INFORMATION SHOWN →
• • • • • • •

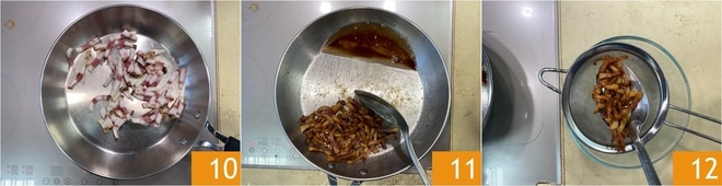 Geben Sie den Speck in eine heiße Pfanne 10 und braten Sie ihn, bis er knusprig und goldbraun ist 11, dann legen Sie ihn in ein Sieb 12 und bewahren Sie das Bratfett in der Pfanne auf.
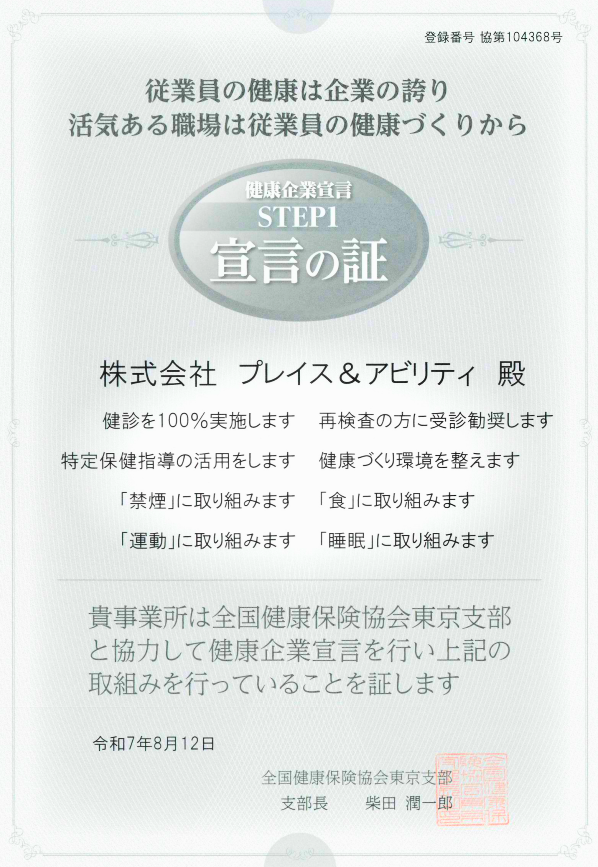 このたび、当社株式会社プレイス&アビリティは、2025年8月12日に全国健康保険協会(協会けんぽ)東京支部に「健康企業宣言」を行い、「宣言の証」を取得いたしました。
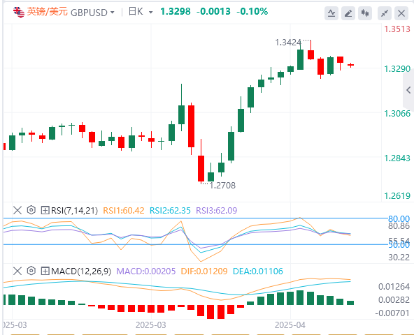 英镑:截止发稿,英镑/美元徘徊于1.3298附近。市场关注英国与美国之间的持续谈判。英国似乎愿意降低美国产品进入英国市场的关税和非关税壁垒,可能的贸易协议若能降低美国对英国产品的关税,可能为英镑提供一定支持。英吉利海峡另一边,据报道英国政府即将与欧盟达成新的防务协议,若真如此,这一议题可能对英镑有所支撑。总体而言,市场认为英国与欧盟关系的任何改善都将有利于英镑。技术面上,如果英镑/美元收于1.3320水平上方,它将向最近的阻力位1.3400–1.3420移动。

• • • • • • •

PROMPT →
Repeat the data exactly, without the pictures.

OUTPUT BELOW →
 Geben Sie den Speck in eine heiße Pfanne 10 und braten Sie ihn, bis er knusprig und goldbraun ist 11, dann legen Sie ihn in ein Sieb 12 und bewahren Sie das Bratfett in der Pfanne auf.
 このたび、当社株式会社プレイス&アビリティは、2025年8月12日に全国健康保険協会(協会けんぽ)東京支部に「健康企業宣言」を行い、「宣言の証」を取得いたしました。
 英镑:截止发稿,英镑/美元徘徊于1.3298附近。市场关注英国与美国之间的持续谈判。英国似乎愿意降低美国产品进入英国市场的关税和非关税壁垒,可能的贸易协议若能降低美国对英国产品的关税,可能为英镑提供一定支持。英吉利海峡另一边,据报道英国政府即将与欧盟达成新的防务协议,若真如此,这一议题可能对英镑有所支撑。总体而言,市场认为英国与欧盟关系的任何改善都将有利于英镑。技术面上,如果英镑/美元收于1.3320水平上方,它将向最近的阻力位1.3400–1.3420移动。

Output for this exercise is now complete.